Segundo Lei Geral de Proteção de Dados de nº 13.709/2018 a quem competem as decisões referentes ao tratamento de dados pessoais é o/a:
- A)controlador.
Certa, porque o art. 5º, VI, da LGPD atribui ao controlador as decisões referentes ao tratamento de dados pessoais.
- B)operador.
Errada, porque o operador apenas realiza o tratamento em nome do controlador, sem poder decisório principal.
- C)titular.
Errada, porque o titular é a pessoa a quem os dados se referem, não quem decide o tratamento.
- D)autoridade.
Errada, porque a autoridade (ANPD) fiscaliza e regula a proteção de dados, mas não toma as decisões do tratamento em cada caso.
- E)encarregado.
Errada, porque o encarregado faz a interlocução entre controlador, titulares e ANPD, sem ser o responsável pelas decisões do tratamento.
Gabarito: A
Na LGPD, nem todo mundo que mexe com dados manda no jogo. A lei separa bem os papéis: quem define as decisões sobre o tratamento é o controlador, enquanto o operador apenas executa o tratamento em nome dele.
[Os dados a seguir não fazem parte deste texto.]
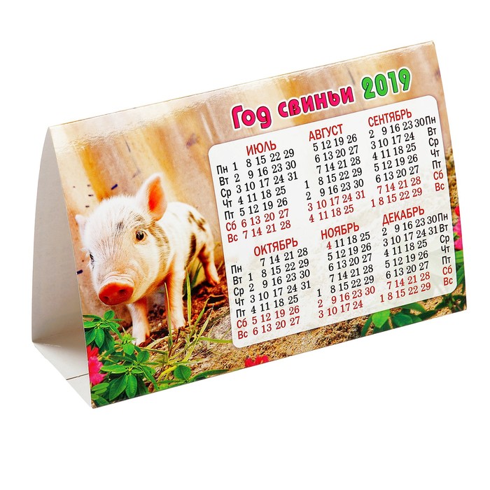 Календарь-домик треугольный "Год Свиньи. Маленький кабанчик, милашка" 2019 год, 18,8х13см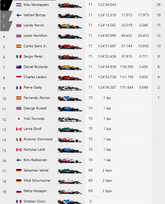 Топ-10: Ферстаппен, Боттас, Норріс, Хемілтон, Перес (+10 секунд штрафу), Сайнс, Ріккардо, Леклер, Гаслі, Алонсо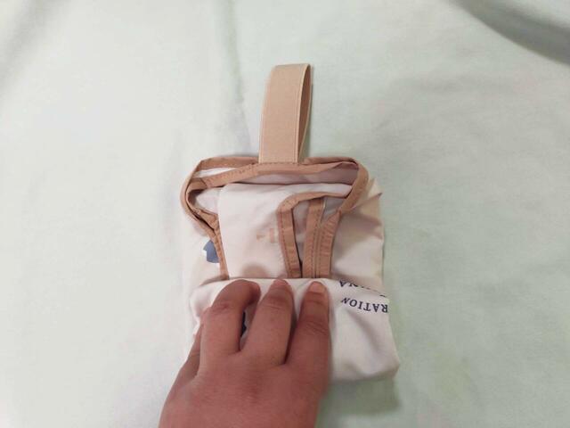 畳む時は、両サイドを織り込み、くるくる丸めてゴムで留めたら完成です。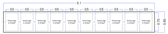 Alternativt kan cellen utformes i et hjørne eller med andre elementer, hvor dimensjonene på cellen vil bli noe annerledes.
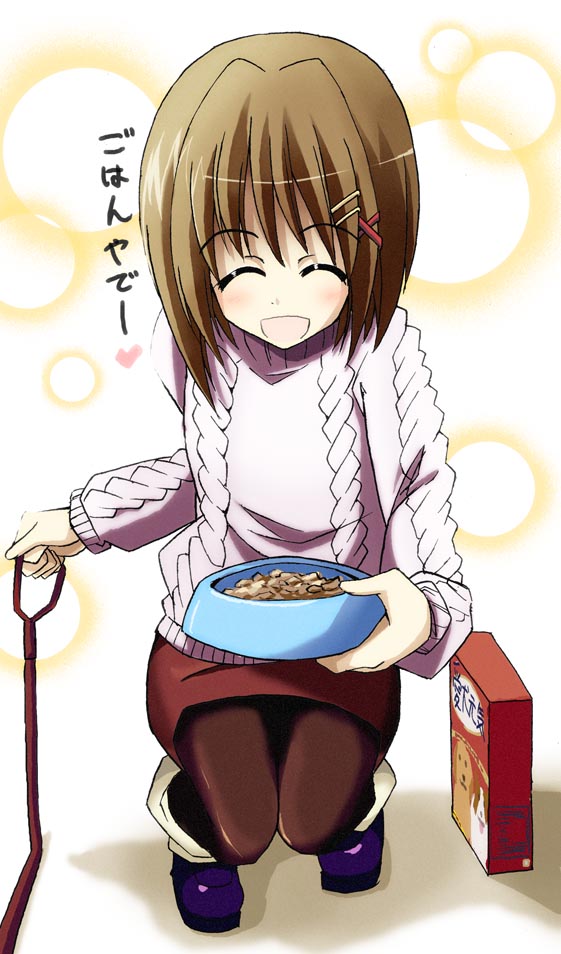 ooyari ashito, yazuki miyu, period, translation request, 1girl, ahoge, black thighhighs, blush, bow, brown hair, chocolate, coat, earmuffs, english text, female focus, heart, holding, hood, hood down, leaning back, light smile, long sleeves, orange eyes, oversized object, pleated skirt, short hair, sitting, skirt, smile, solo, stuffed animal, stuffed rabbit, stuffed toy, thighhighs, valentine, winter clothes, zettai ryouiki
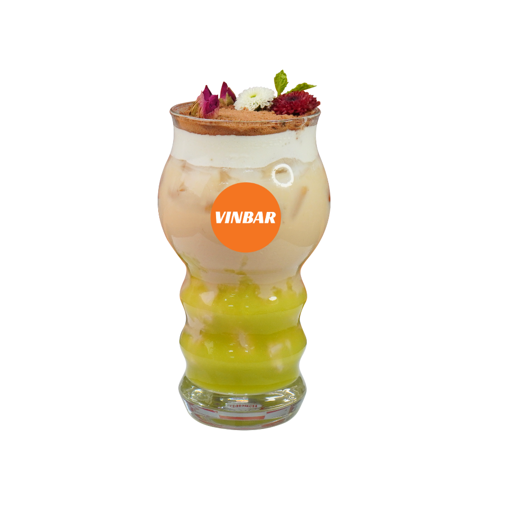 - Tầng 1: Cho 50ml sốt bơ (1.2k) + 20ml nước đường (356đ) vào đáy ly, khuấy đều. Cho đá vào đầy ly.
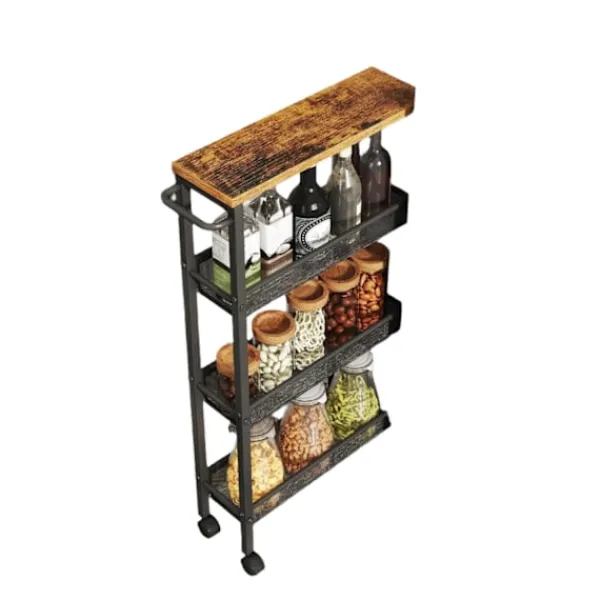 Rootz -rullande bilen är en elegant och praktisk kökslösning perfekt för alla hem. Med sin snygga vintage bruna svarta finish kombinerar den funktionalitet och estetik för att tillgodose dina lagringsbehov. Tillverkad av robust träflisbräda och stål har denna smala vagn fyra nivåer för mångsidiga lagringsalternativ samtidigt som en total statisk belastningskapacitet på 20 kg.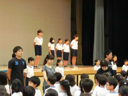 本日の集会で、伝言ゲームをしました。子ども達は正解は何か、どきどきしていました。とても楽しそうでした。

Isso está na definição do art. 5º, VI, da Lei nº 13.709/2018, que diz que controlador é a pessoa natural ou jurídica, de direito público ou privado, a quem competem as decisões referentes ao tratamento de dados pessoais. Na prática, pense assim: a empresa decide por que e como os dados serão usados, então ela é a controladora. Já uma empresa terceirizada que só armazena, organiza ou processa esses dados seguindo instruções atua como operadora. A prova gosta muito dessa divisão porque ela aparece em várias situações do dia a dia e confunde bastante. O titular é a pessoa dona dos dados, ou seja, aquela a quem os dados se referem. A autoridade é a ANPD, que fiscaliza e regula o tema. E o encarregado é o canal de comunicação entre controlador, titulares e a ANPD. Cada um tem sua função, e a banca costuma testar justamente quem decide, quem executa e quem fiscaliza. Por isso, o gabarito é a alternativa A: o controlador é quem tem as decisões referentes ao tratamento de dados pessoais. É leitura seca da lei, sem mistério.